Three teenage gunmen today stormed the governor's headquarters in Erbil, the capital of Iraqi Kurdistan, opening fire and killing one employee before being shot dead, officials said.
Initial reports said two gunmen had stormed the building in Erbil in the early morning, shooting and wounding a policeman.
But as the day unfolded, the toll rose to one employee killed and several members of the security forces wounded as Kurdish security forces exchanged fire with the attackers, officials said.
"An employee was killed in the assault on the provincial headquarters," Erbil governor Nawzad Hadi told a news conference.
The Kurdish autonomous region's deputy police chief Farhad Mohammed said "several members of the security forces were wounded", but did not give a specific toll.
Mohammed said the three gunmen had been "neutralised" after a four-hour exchange of fire with Kurdish security forces.

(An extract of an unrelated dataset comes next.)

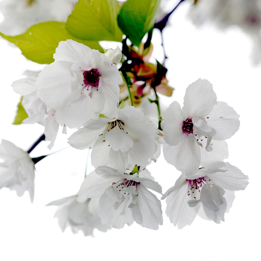 Обои Белые цветы черешни с зелеными листьями на столе с лентой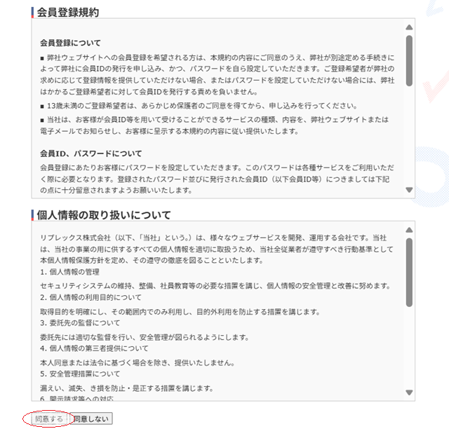 - 会員登録規約を熟読のうえ、同意される場合は「同意する」を選択してください。

He described the assault as a "terrorist" attack but stopped short of blaming any particular group.
The anti-terrorism squad in Kurdistan said in a statement that two of the gunmen were aged 16 and the third was 18, all of them from Erbil.
An AFP correspondent near the building said he heard heavy gunfire and a loud explosion, probably from a hand grenade.
Deputy governor Taher Abdullah had earlier said that Kurdish security forces known as the Asayish had set up a security cordon and were searching the building for the assailants.
There was no immediate claim of responsibility for the attack in the usually secure Kurdish regional capital, and the assailants' motives were unclear. The Islamic State jihadist group claimed a deadly attack on the interior ministry in Erbil in 2015.
The previous year the group was blamed for a suicide bombing that killed at least four people outside the Erbil Provincial Council Building.
Kurdish peshmerga fighters took part in the battle against IS after it seized nearly a third of Iraq in a lightning 2014 offensive.
Baghdad declared victory over the group in December but the jihadists still hold pockets of territory and continue to carry out deadly attacks.